Will you follow the King who comes in the name of the Lord? 
Will you give up trying to control the future and trust in the One who is in control? 
Will you cast down your cloaks in worship before the Messiah? 
Will you wave palm branches high and sing “Hosanna! Save me, Jesus! Save me, even from myself.”? 
Will you walk with Jesus down the long road that leads to the cross? 
Will you be faithful and remain with him, even as he takes his last breath, and trust that death will not be the end of his story? 

It won’t be the end of our story either, friends. But, for now, we wait, we watch, and we stay close to Jesus, even in the face of suffering, of pain, of death.

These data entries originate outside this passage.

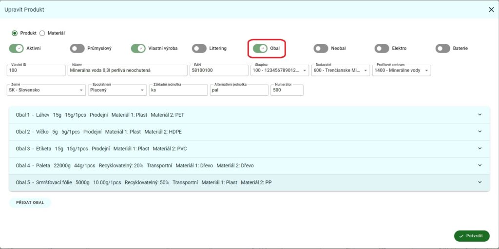 V hornej časti formulára budú zobrazené základné informácie o produkte a pod nimi bude zobrazený zoznam obalov, ktoré sa používajú pri balení vybraného produktu, pokiaľ už boli obaly k tomuto produktu zadané.
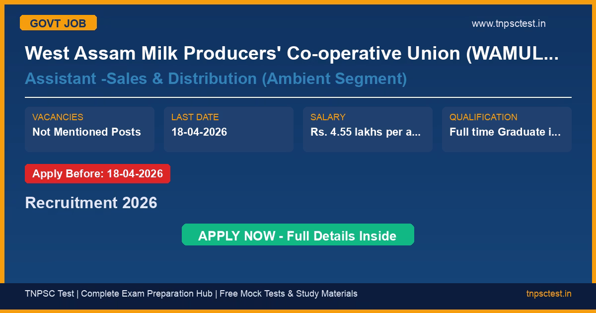 West Assam Milk Producers’ Co-operative Union (WAMUL Purabi Dairy) has released an official recruitment notification for the post of Assistant -Sales & Distribution (Ambient Segment). A total of Not Mentioned vacancies have been announced for this government recruitment 2026. Candidates who have completed Full time Graduate in any discipline from a recognized Institute/University. from a recognized university or institution are eligible to apply. The last date to submit the online application is 18-04-2026. Read below for complete details on eligibility criteria, application fee, selection process, salary, and how to apply for this West Assam Milk Producers’ Co-operative Union (WAMUL Purabi Dairy) recruitment.
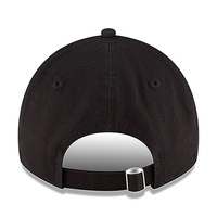 NBA LOGOMAN 9TWENTY Hat features a black crown with a raised Chicago Bulls black logo embroidered on the front. The cap also has an adjustable  strap with metal buckle at the back.
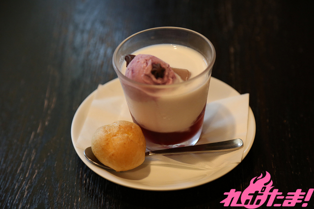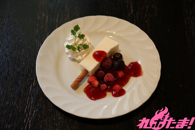レナが持つ鉈をイメージしたレアチーズケーキにミックスベリー入りのストロベリーソースをどろっとかけました。
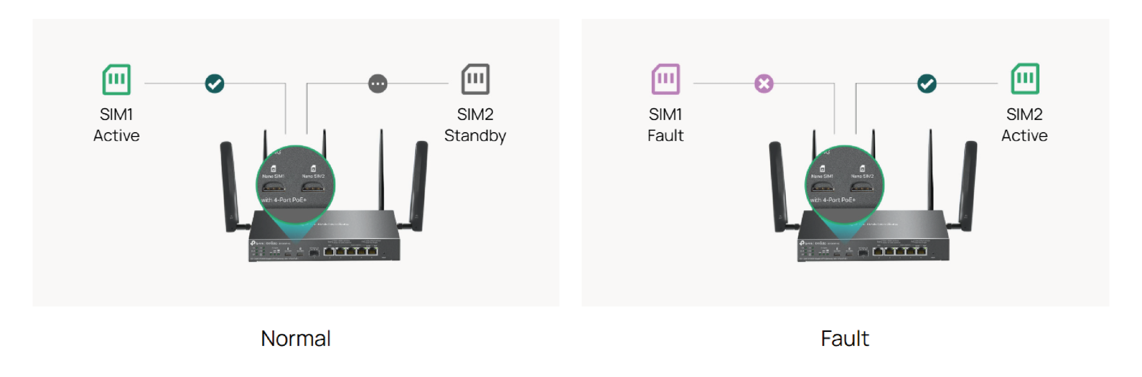 Dwa sloty na karty SIM zapewniają ciągłość pracy i redundancję nawet w scenariuszach gdzie zawiodą inne rezerwowe połączenia WAN.
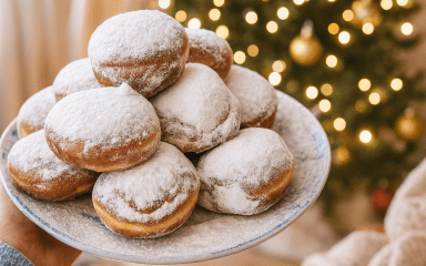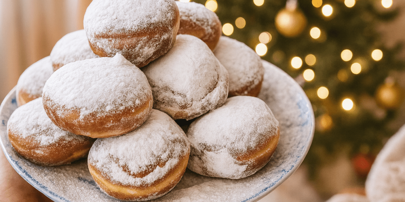 Ці різдвяні пампухи можна замішувати на сухих дріжджах (5 г) або свіжих (15 г) і обов’язково на теплому молоці. Важливо не забивати пампухи борошном, щоб вони надовго лишалися м’якими. Прикрашаємо цукровою пудрою, а начинити їх можна варенням.
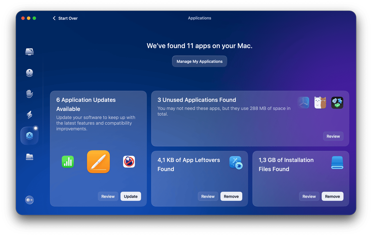 - Ανοίξτε το CleanMYMAC και επιλέξτε εφαρμογές στην αριστερή πλαϊνή μπάρα.
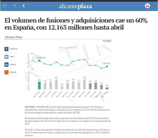 En abril, un mes marcado por el estado de alarma por la crisis del coronavirus, se llevaron a cabo 59 operaciones de fusión o adquisición, con un importe agregado de 2.785,6 millones de euros.
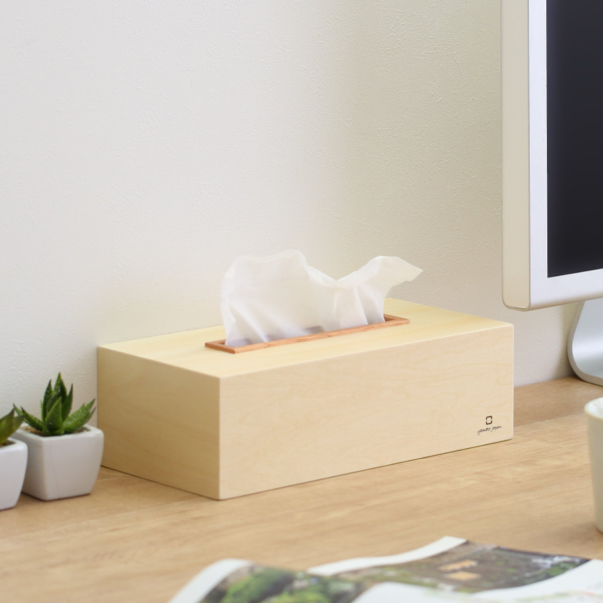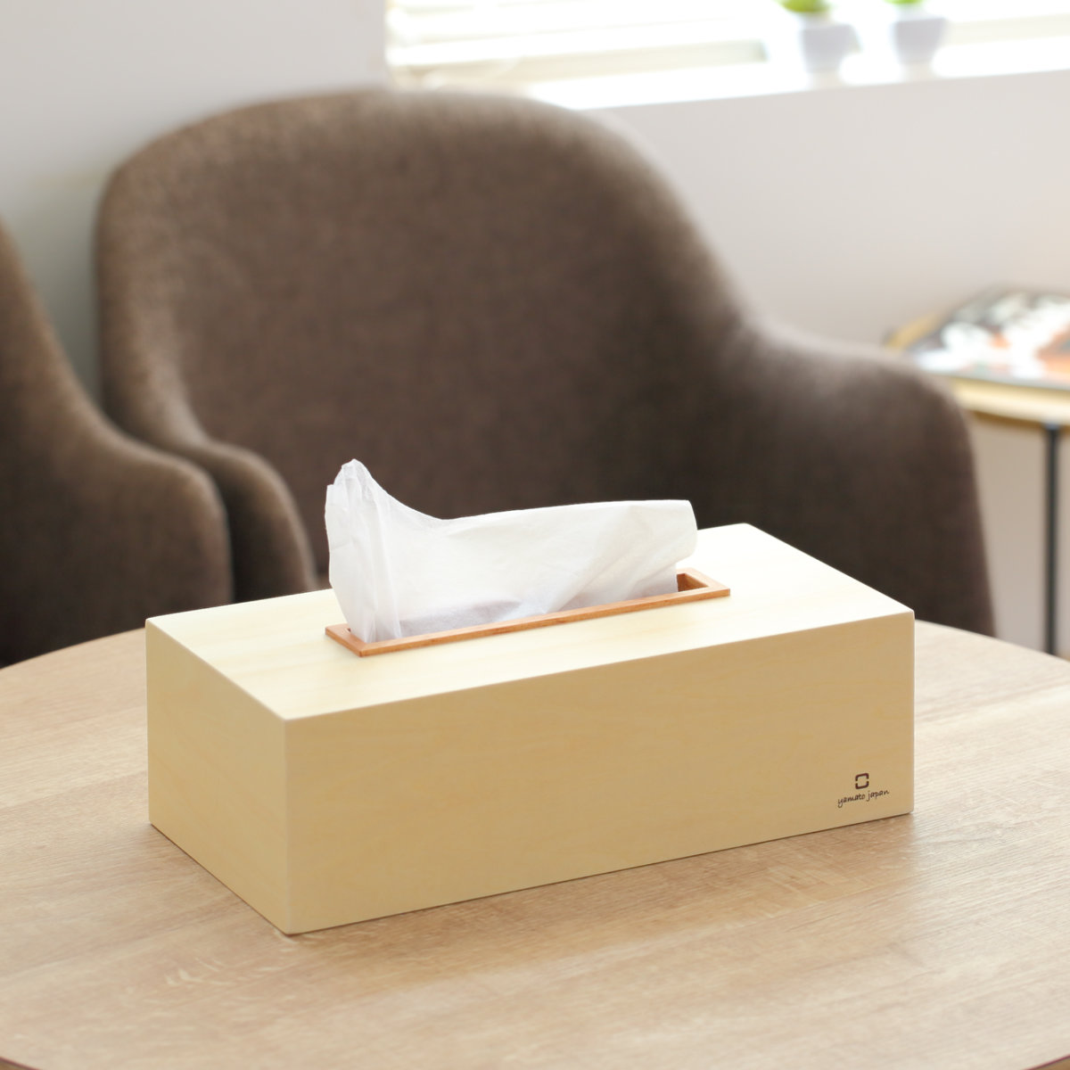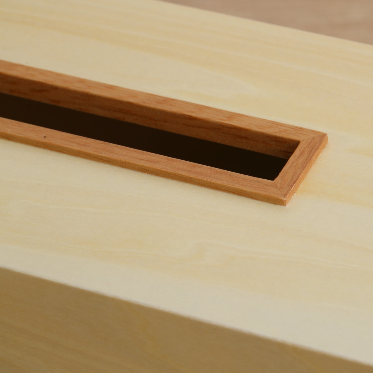取り出し口の木口に天然木をあしらったティッシュケースです。無駄のないすっきりとしたフォルムで、使う場所を選びません。飽きの来ないシンプルなデザインなので末永く愛用していただけます。
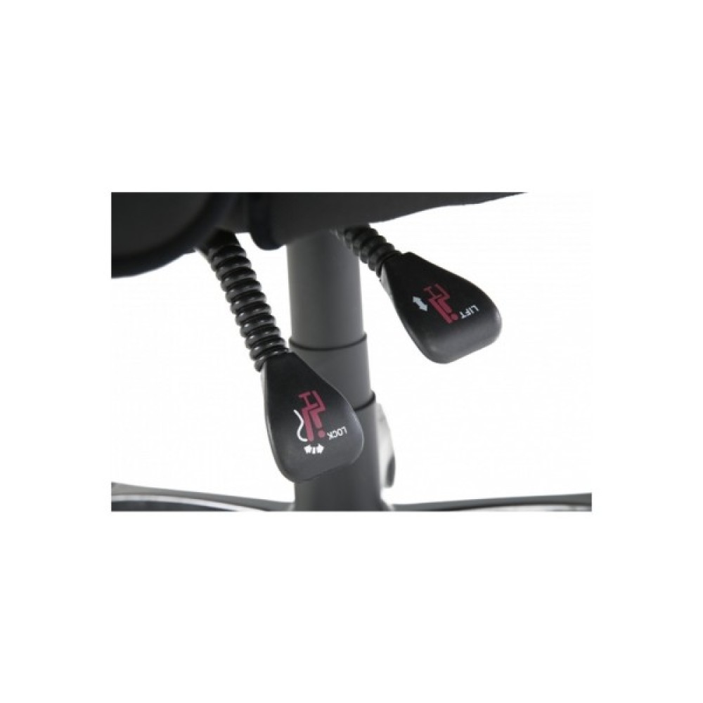 Ергономічність цієї моделі виражається також у наявності підлокітників з високоміцного пластику, оздоблених м'якими накладками. Це дозволяє правильно розмістити руки незалежно від положення тіла, знижуючи навантаження на плечі та запобігаючи втомі.
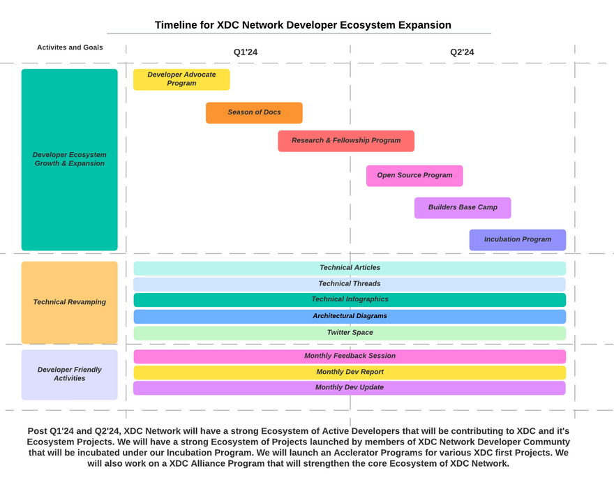 We have divided our efforts for these two quarters into two sets of 3 months each. From the start, we will focus on various aspects to boost the on-chain developer adoption of XDC along with Boosting the quality and quantity of projects on XDC. We will start with various Technical Revamping activities to create better Technical documentation/threads of XDC for the developers. Continue with this; we have various programs planned, like the Season of Docs Program, Open Source Program, Research and Fellowship Program, etc. All these activities will bring in very good results for the XDC ecosystem and present the narrative of the XDC Network.

In the name of the Father, the Son, and the Holy Spirit. Amen.



[1] “The Roman procession is Borg’s and Crossan’s imaginary historical reconstruction based on non-biblical sources. However, it serves well, as they intended, the purpose of accentuating the political dimensions of…the ‘pre-arranged counter procession’ of Jesus and his followers.” From John Rollefson’s “Homiletical Perspective” article on Matthew 21:1-11” in Feasting on the Word: Year A, Volume 2 (Louisville, KY: Westminster John Knox Press, 2010).